(Excerpted data begins)

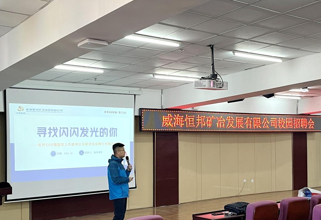 威海恒邦矿冶发展有限公司始终坚持“以人为本,永续发展”的企业理念。公司负责人向学生介绍了近年来公司所取得的成就、业绩,以及人才培养计划,并热情邀请学生毕业后可以到公司入职。
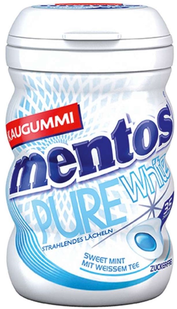 Mentos Gum Pure White zuckerfrei Kaugummi-Dragees mit Minz-Geschmack und flüssiger Füllung mit Weißtee-Extrakt 70g 35er Dose
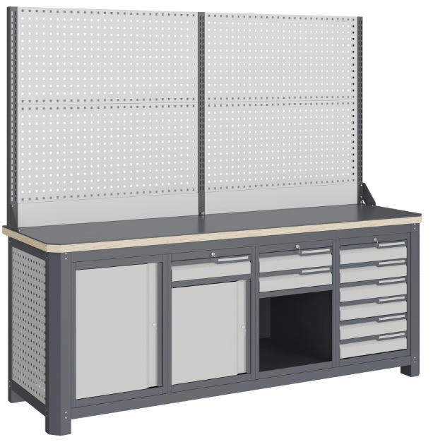 Cостоит из столешницы шириной 1993 мм, рамы верстака, состоящей из опор, перемычек, боковых перфопанелей, малых модулей S6, S7, S8 и S2 с комплектом полка-стенка SW2, двойного экрана с кронштейнами.
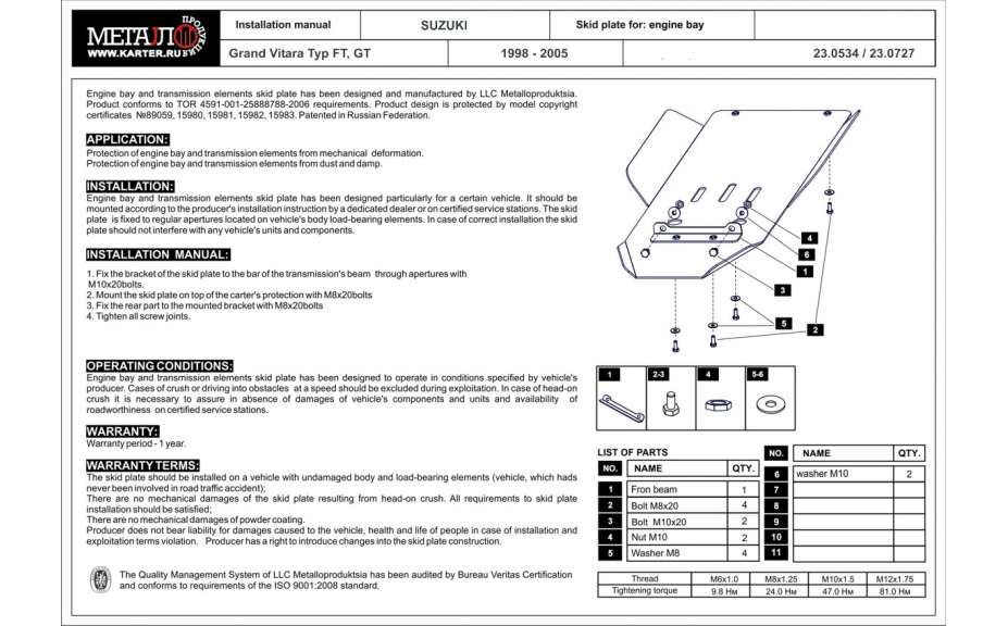 Osłona skrzynię biegów i skrzynię rozdzielczą, SUZUKI Grand Vitara do 0726, (FT; GT), 1998->200...
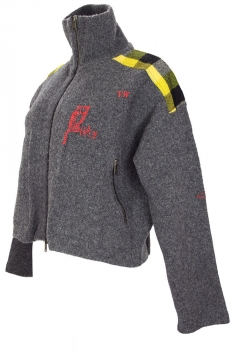Vivienne Westwood Logo Zip-Up Cardigan in grey knit with check shoulders and cat design on chest in red and embroidered logo on left sleeve. Double layered soft high neck. Full length double zip down the front. 2 angled zip pockets.

(Excerpted data ends)

Required action:
All the lines above must be written out exactly, without a single picture.

Task output:
 威海恒邦矿冶发展有限公司始终坚持“以人为本,永续发展”的企业理念。公司负责人向学生介绍了近年来公司所取得的成就、业绩,以及人才培养计划,并热情邀请学生毕业后可以到公司入职。
 Mentos Gum Pure White zuckerfrei Kaugummi-Dragees mit Minz-Geschmack und flüssiger Füllung mit Weißtee-Extrakt 70g 35er Dose
 Cостоит из столешницы шириной 1993 мм, рамы верстака, состоящей из опор, перемычек, боковых перфопанелей, малых модулей S6, S7, S8 и S2 с комплектом полка-стенка SW2, двойного экрана с кронштейнами.
 Osłona skrzynię biegów i skrzynię rozdzielczą, SUZUKI Grand Vitara do 0726, (FT; GT), 1998->200...
Vivienne Westwood Logo Zip-Up Cardigan in grey knit with check shoulders and cat design on chest in red and embroidered logo on left sleeve. Double layered soft high neck. Full length double zip down the front. 2 angled zip pockets.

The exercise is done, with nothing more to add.